Caramel cream and popcorn

Caramel cream and popcorn

A melting heart and a touch of crunch with popcorn ... a recipe that will delight all gourmands, young and old!


For 6 persons :

  • 60 g corn popcorn
  • 75 cl of milk
  • 2 light cream bricks Elle & Vire
  • 1 vanilla pod
  • 10 cl of water
  • 250 g caster sugar
  • 6 eggs


Preheat the oven to 100 ° C (Th.

Heat a skillet and throw in the corn kernels. Cover and leave

burst the grains. Reserve some popcorn for training.

Pour the milk and cream in a saucepan, add the split vanilla pod and bring to a boil. Stop cooking and add the popcorn. Mix and let steep for 2 hours.

Prepare the caramel with water and 100 g of sugar. Caramel the bottom of the chosen containers (ramekins, glasses etc.).
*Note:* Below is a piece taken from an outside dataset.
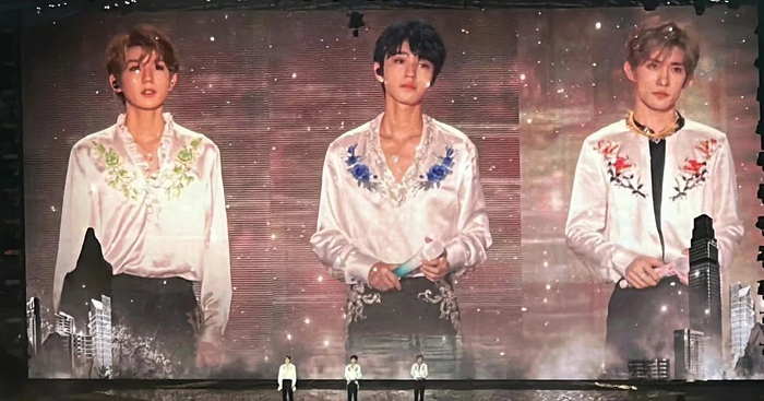 2023年8月6日,西安,TFboys出道10周年演唱会现场,王俊凯、王源、易烊千玺登台。

Whisk the eggs with 150 g caster sugar until the mixture is frothy.

Filter the mixture of milk and cream and heat again, stop cooking as soon as boiling and allow to cool. Pour the whole thing over the beaten eggs by mixing energetically. Spread the cream in the pots.

Bake the cream jars in the oven for 45 minutes. After cooking, let cool and cool. Before tasting, place a few popcorn chips on the creams and serve.